В связи с этим возникает вопрос: почему человечество в процессе своей длительной эволюции не приняло этот простейший и надежный алфавит, а использует во много раз более сложные? Так, русский алфавит содержит 32 буквы, или 32 различных кирпичика вместо двух минимально необходимых.
Попробуем заменить 32 кирпичика только двумя. Для этого каждую из 32 запишем в виде группы из нулей и единиц.
Легко подсчитать, что если принять равное число двоичных кирпичиков, из которых мы складываем каждую букву, то наша группа должна состоять ровно из пяти нулей и единиц. Следовательно, новая азбука будет выглядеть, например, так:
Такого типа кодирование используется в настоящее время при передаче телеграмм.
Малыши с восторгом, наверное, встретили бы замену 32 букв двумя, но потом взвыли бы от заучивания длиннющих слов. Кстати, на телеграфе поданная телеграмма тут же переводится в двоичную азбуку типа нашей (код Бодо) и в таком уже виде бежит по каналу связи к адресату.
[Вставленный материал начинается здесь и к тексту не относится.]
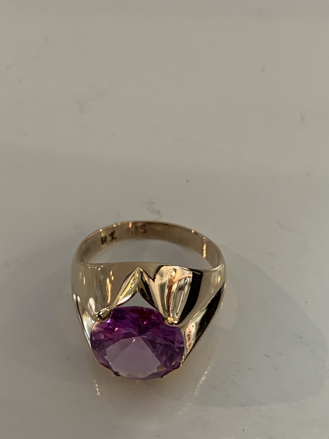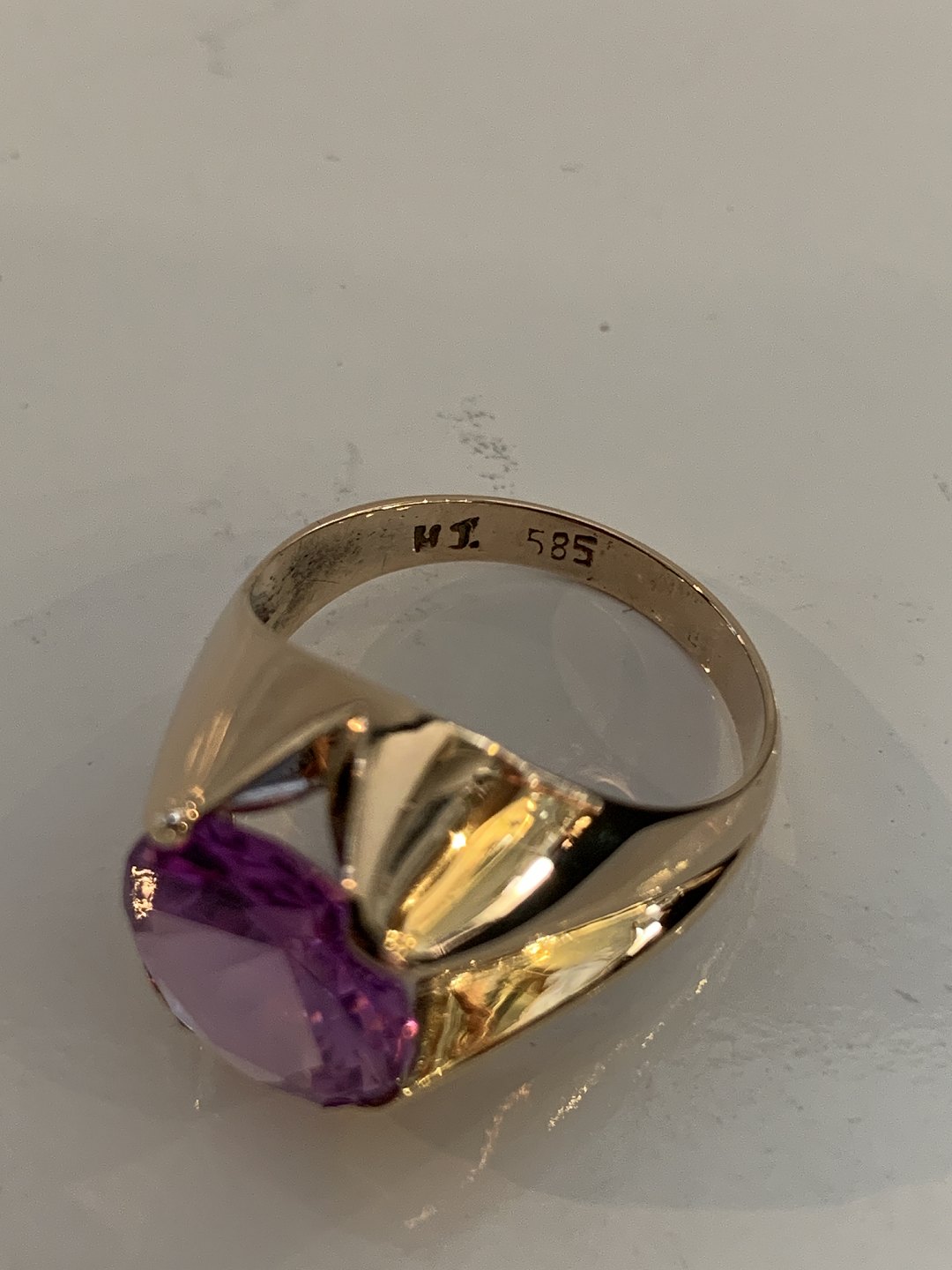 Vintage Damering med lilla sten 14 Karat Guld

Теперь попробуем воспользоваться нашей азбукой в разговоре. Вы попали в беду и пытаетесь прокричать "Помогите!". Каждую букву вам придется произнести пять раз, а всего этих сигналов "да - нет" потребуется сорок.
Далее, мы построили новую азбуку без всякой избыточности. Превращение по каким-либо причинам 1 в 0 или 0 в 1 сразу превращает истинную букву в ложную, Значит, для защиты речи от всяческих помех, надо ввести избыточные "да - нет". Например, к каждому биту информации приставить по два "телохранителя". Тогда крик о помощи потребовал бы цепочку из 120 "да - Гнет!". Думаю, что может не хватить ни сил, ни времени.
Отсюда следует вывод: упрощение алфавита приводит к удлинению сообщения и, соответственно, сигнала в канале связи.
Поэтому в сложном и еще далеко не раскрытом пути эволюции языка человек подсознательно использовал не двоичный алфавит, а с большим числом элементов. Возможно, что на ранних этапах имел хождение, конечно, двоичный алфавит.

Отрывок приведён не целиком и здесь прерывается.